H. pylori-induced increase in permeability. (a) T84 confluent monolayers. The P_app of [¹⁴C]mannitol flux in non-H. pylori-treated control cells (open bar) versus that for H. pylori-pretreated cells (striped bar) is shown. (b) Rat mucosa. The P_app of [¹⁴C]mannitol flux in control nontreated rat mucosa (open bar) versus that for H. pylori-pretreated rat mucosa (striped bar) is shown. In paired experiments, basolateral-to-apical [¹⁴C]mannitol flux measurements were made over a single 20-min period following 2-h exposure of T84 cells or rat mucosa to H. pylori sonicates (15 μg/ml). Graphs show P_app means from six (a) and four (b) experiments. P < 0.05 for panel a and P < 0.05 for panel b by the Mann-Whitney U test.

FIG. 7

Response of T84 monolayers to established secretagogues. Control (open circles) and H. pylori-pretreated (solid circles) confluent T84 monolayers mounted on Ussing chambers were stimulated with 3 and 10 μM forskolin and 10 and 100 μM carbachol at the indicated times. Treated and control monolayers were able to respond to both secretagogues, and the highest stimulation was obtained with 10 μM carbachol. Changes in SCC are indicative of the relative abilities of the monolayers to secrete chloride ions.

FIG. 8

Western blot analysis of E-cadherin expression in T84 cells treated with H. pylori (Hp) for 2, 6, 24, and 48 h and in control cells (C) in medium alone. Besides the classical 120-kDa band, two smaller bands (∼100 and ∼105 kDa) were detected in all cases. Western blot analysis detected no change in the basal levels of E-cadherin after H. pylori treatment at any of the times at which they were examined.

FIG. 9

Immunoprecipitation-Western blot analysis of tyrosine phosphorylation of E-cadherin in control and H. pylori-treated T84 monolayers. Western blots were probed with anti-E-cadherin antibody (a) and antiphosphotyrosine antibody (b). Lanes: A, control T84 whole-cell preparation; B, control T84 cells immunoprecipitated with anti-E-cadherin MAb; C, H. pylori-treated T84 cells immunoprecipitated with anti-E-cadherin MAb. E-cadherin (120 kDa) was not tyrosine phosphorylated in any case, but tyrosine phosphorylation was detected on two coprecipitated proteins (94 kDa, likely to be β-catenin, and 147 kDa).
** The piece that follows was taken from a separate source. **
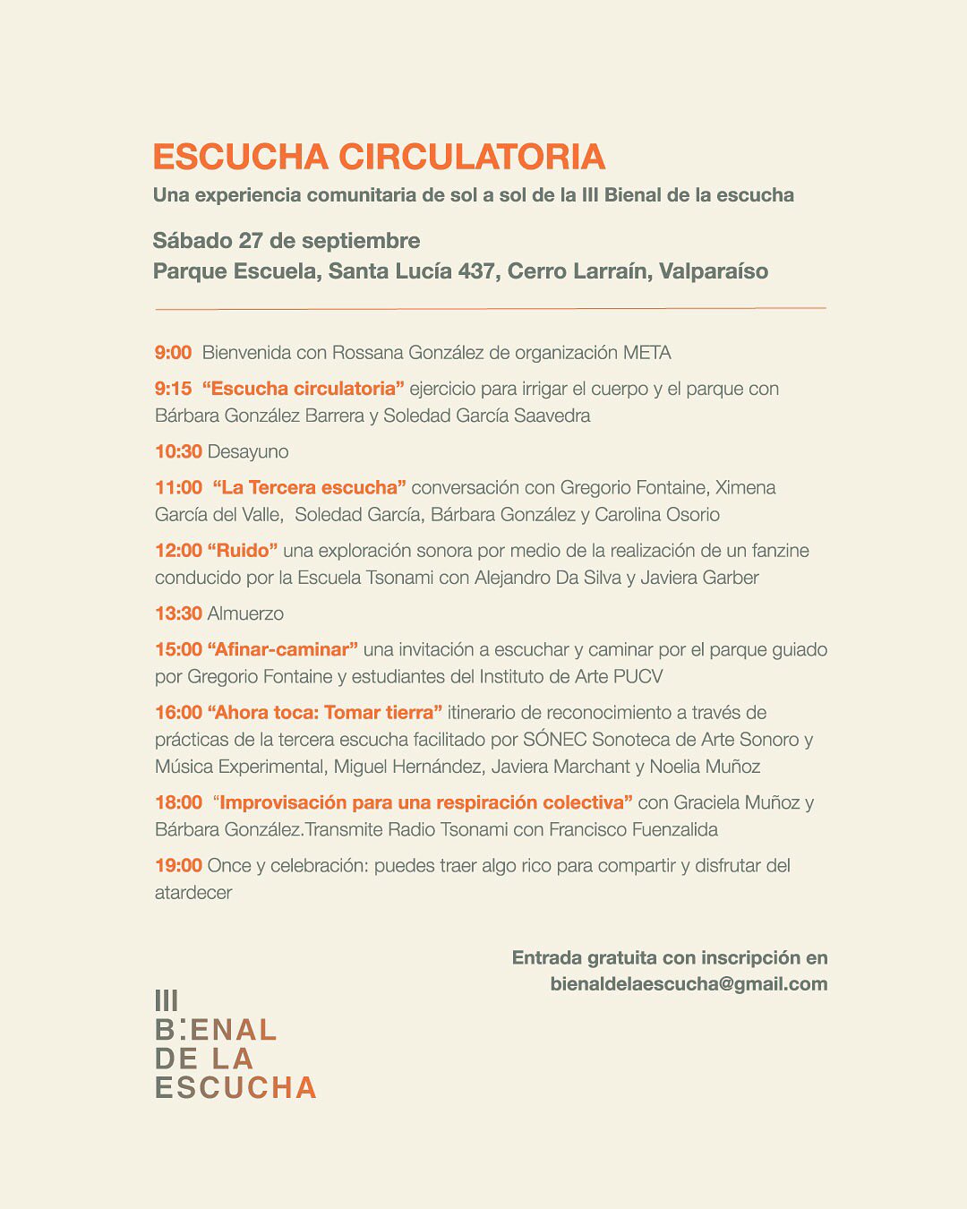 El programa consiste en ejercicios, conversatorios, talleres e improvisaciones sonoras colectivas al interior del Parque que serán facilitadas por las curadoras y los equipos de TSONAMI, Alejandro Da Silva y Javiera Garber, la transmisión de Radio Tsonami; SÓNEC Sonoteca, Miguel Hernández y Noelia Muñoz; Laboratorio del Eco, Gregorio Fontén y estudiantes del Instituto de Arte de la Pontificia Universidad Católica de Valparaíso. Además contaremos con la compositora Graciela Muñoz una de las artistas invitadas a la Tercera Bienal.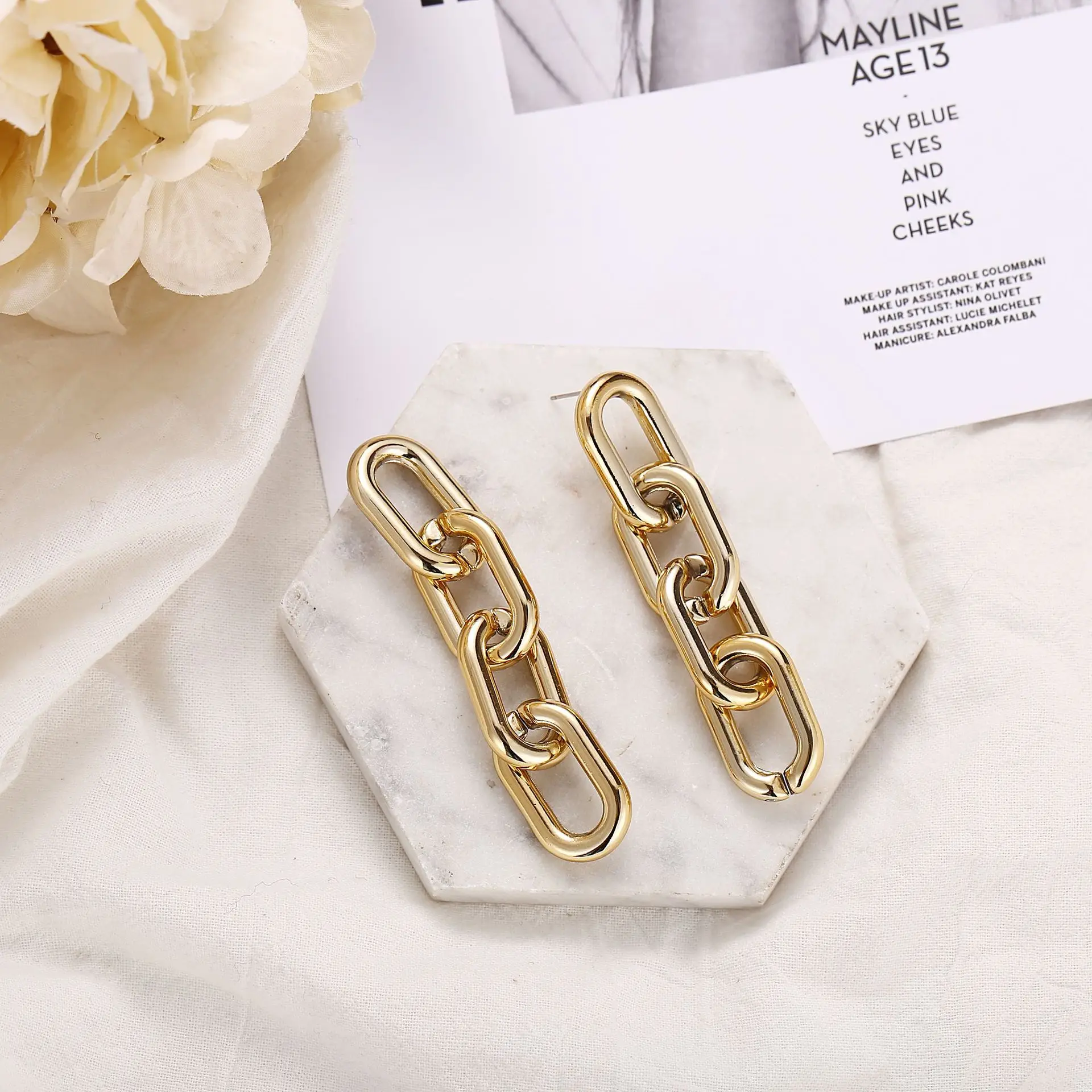 Винтажные латунные серьги с толстой цепочкой для женщин, золотые геометрические стильные Висячие серьги, Модная бижутерия, новинка

Phosphorylation of these proteins was not altered by exposure to H. pylori.

FIG. 10

Anti-E-cadherin immunofluorescence staining of T84 monolayers grown in plastic chamber slides of cells treated with H. pylori sonicates for 2 h (A) versus control cells in medium alone (B). Treated cells appeared bigger than controls at 2 h. Changes in morphology and loss of adherence to plastic are maximum at 48 h. Bar, 40 μm.